**Exercise details**
For the entries that follow, retype exactly the lines from the one containing "한편, 삼일제약은 장" to the one containing "MOTEC L, flat/high", inclusive, and only those. Images stay out of the copy.

————————

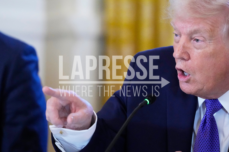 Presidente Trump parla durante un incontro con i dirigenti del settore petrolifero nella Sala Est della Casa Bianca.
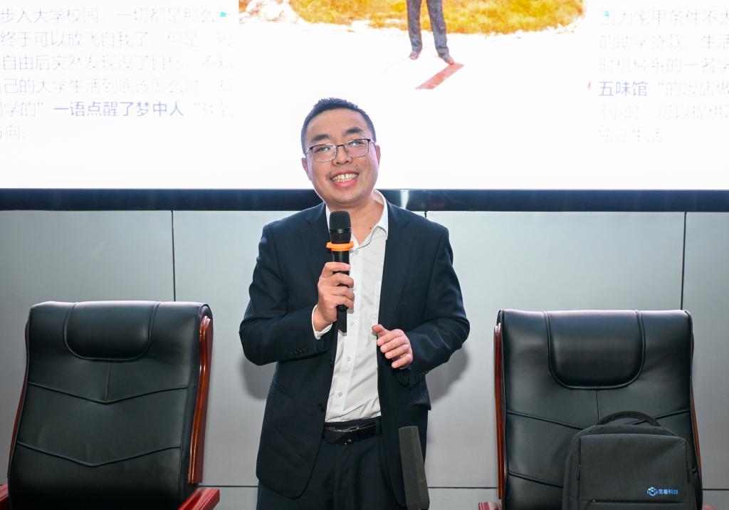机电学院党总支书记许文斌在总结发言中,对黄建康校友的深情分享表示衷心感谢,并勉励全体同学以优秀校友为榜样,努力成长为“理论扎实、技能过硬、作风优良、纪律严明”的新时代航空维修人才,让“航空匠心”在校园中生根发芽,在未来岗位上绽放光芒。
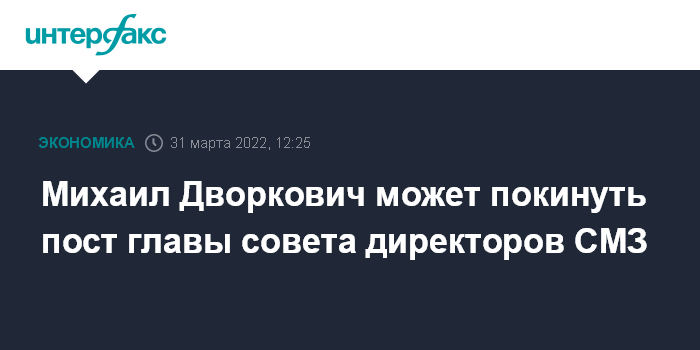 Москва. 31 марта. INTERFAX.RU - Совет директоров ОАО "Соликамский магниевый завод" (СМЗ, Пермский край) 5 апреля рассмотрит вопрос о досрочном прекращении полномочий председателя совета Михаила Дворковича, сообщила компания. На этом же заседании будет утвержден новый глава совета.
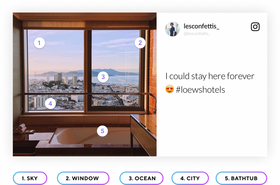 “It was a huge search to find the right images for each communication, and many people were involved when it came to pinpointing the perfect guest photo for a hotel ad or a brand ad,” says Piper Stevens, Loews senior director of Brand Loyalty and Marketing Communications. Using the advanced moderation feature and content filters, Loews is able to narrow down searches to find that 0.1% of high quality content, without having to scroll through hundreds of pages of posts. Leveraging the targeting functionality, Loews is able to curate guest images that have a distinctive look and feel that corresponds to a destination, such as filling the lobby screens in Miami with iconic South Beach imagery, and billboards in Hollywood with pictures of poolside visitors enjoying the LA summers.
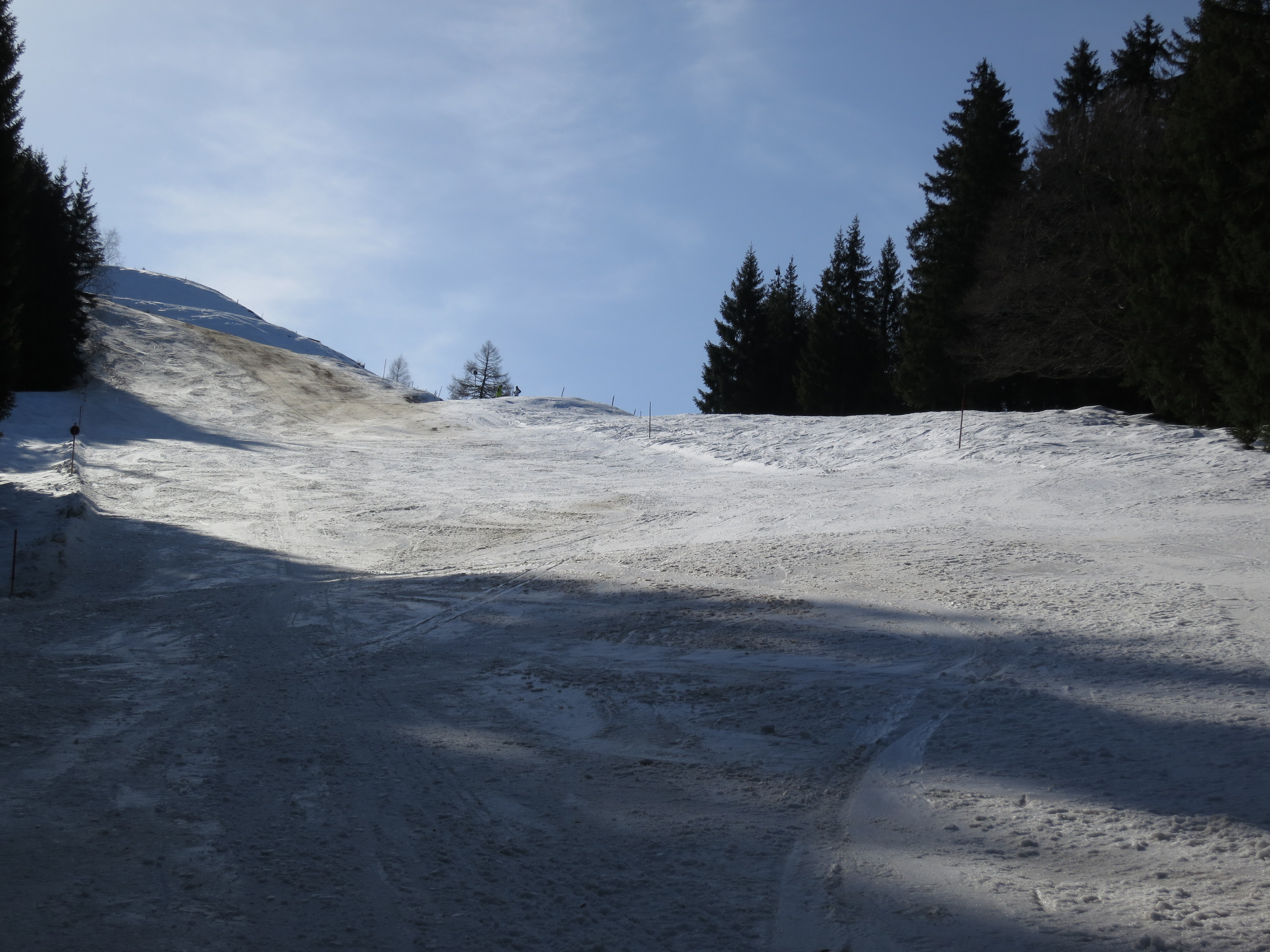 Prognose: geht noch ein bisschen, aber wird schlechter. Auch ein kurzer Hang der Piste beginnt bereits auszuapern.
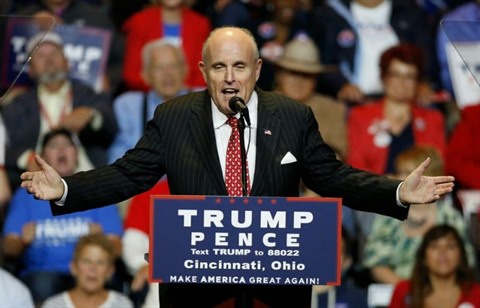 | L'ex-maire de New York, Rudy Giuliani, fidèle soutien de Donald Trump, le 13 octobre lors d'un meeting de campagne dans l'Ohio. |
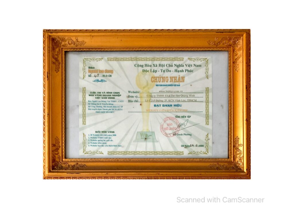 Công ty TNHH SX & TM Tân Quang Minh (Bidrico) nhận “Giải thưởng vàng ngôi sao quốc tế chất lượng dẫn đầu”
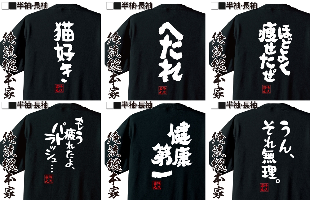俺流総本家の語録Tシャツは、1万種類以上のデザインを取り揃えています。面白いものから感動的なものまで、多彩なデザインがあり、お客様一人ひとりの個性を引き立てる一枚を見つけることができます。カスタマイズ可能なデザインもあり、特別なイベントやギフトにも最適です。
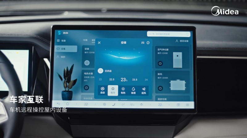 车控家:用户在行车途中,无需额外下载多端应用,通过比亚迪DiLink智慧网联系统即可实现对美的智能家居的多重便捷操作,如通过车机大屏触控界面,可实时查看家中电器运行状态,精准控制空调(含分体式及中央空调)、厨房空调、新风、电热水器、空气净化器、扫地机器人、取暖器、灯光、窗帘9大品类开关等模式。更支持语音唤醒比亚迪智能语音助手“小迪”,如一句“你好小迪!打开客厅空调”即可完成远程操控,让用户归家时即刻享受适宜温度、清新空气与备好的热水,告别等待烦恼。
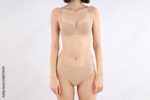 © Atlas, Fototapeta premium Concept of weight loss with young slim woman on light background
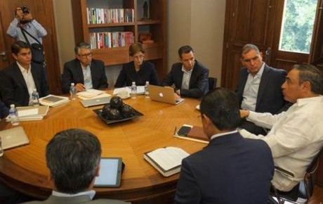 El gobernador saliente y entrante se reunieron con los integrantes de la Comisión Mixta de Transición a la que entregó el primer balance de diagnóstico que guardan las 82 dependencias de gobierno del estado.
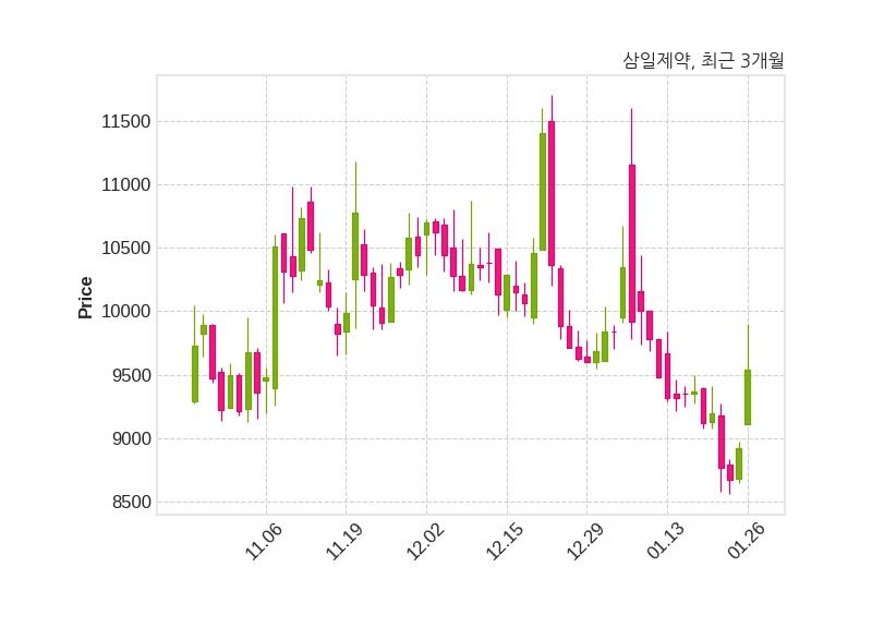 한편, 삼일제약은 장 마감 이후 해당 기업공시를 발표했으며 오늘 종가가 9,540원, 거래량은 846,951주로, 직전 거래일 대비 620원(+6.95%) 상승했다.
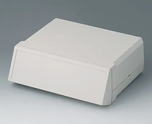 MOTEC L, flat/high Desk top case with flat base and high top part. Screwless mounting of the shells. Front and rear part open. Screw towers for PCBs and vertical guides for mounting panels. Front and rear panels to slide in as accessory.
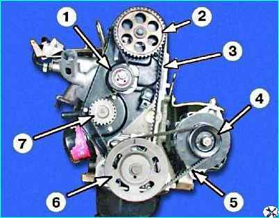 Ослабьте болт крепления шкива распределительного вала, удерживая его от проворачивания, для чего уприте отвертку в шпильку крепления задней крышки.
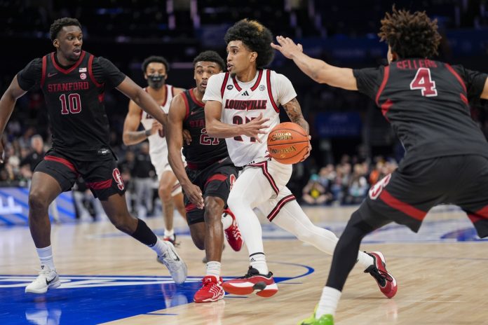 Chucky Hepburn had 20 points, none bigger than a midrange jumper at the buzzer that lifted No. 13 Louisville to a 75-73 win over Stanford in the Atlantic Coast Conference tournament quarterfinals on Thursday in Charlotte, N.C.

————————

**Answer space**
 한편, 삼일제약은 장 마감 이후 해당 기업공시를 발표했으며 오늘 종가가 9,540원, 거래량은 846,951주로, 직전 거래일 대비 620원(+6.95%) 상승했다.
 MOTEC L, flat/high Desk top case with flat base and high top part. Screwless mounting of the shells. Front and rear part open. Screw towers for PCBs and vertical guides for mounting panels. Front and rear panels to slide in as accessory.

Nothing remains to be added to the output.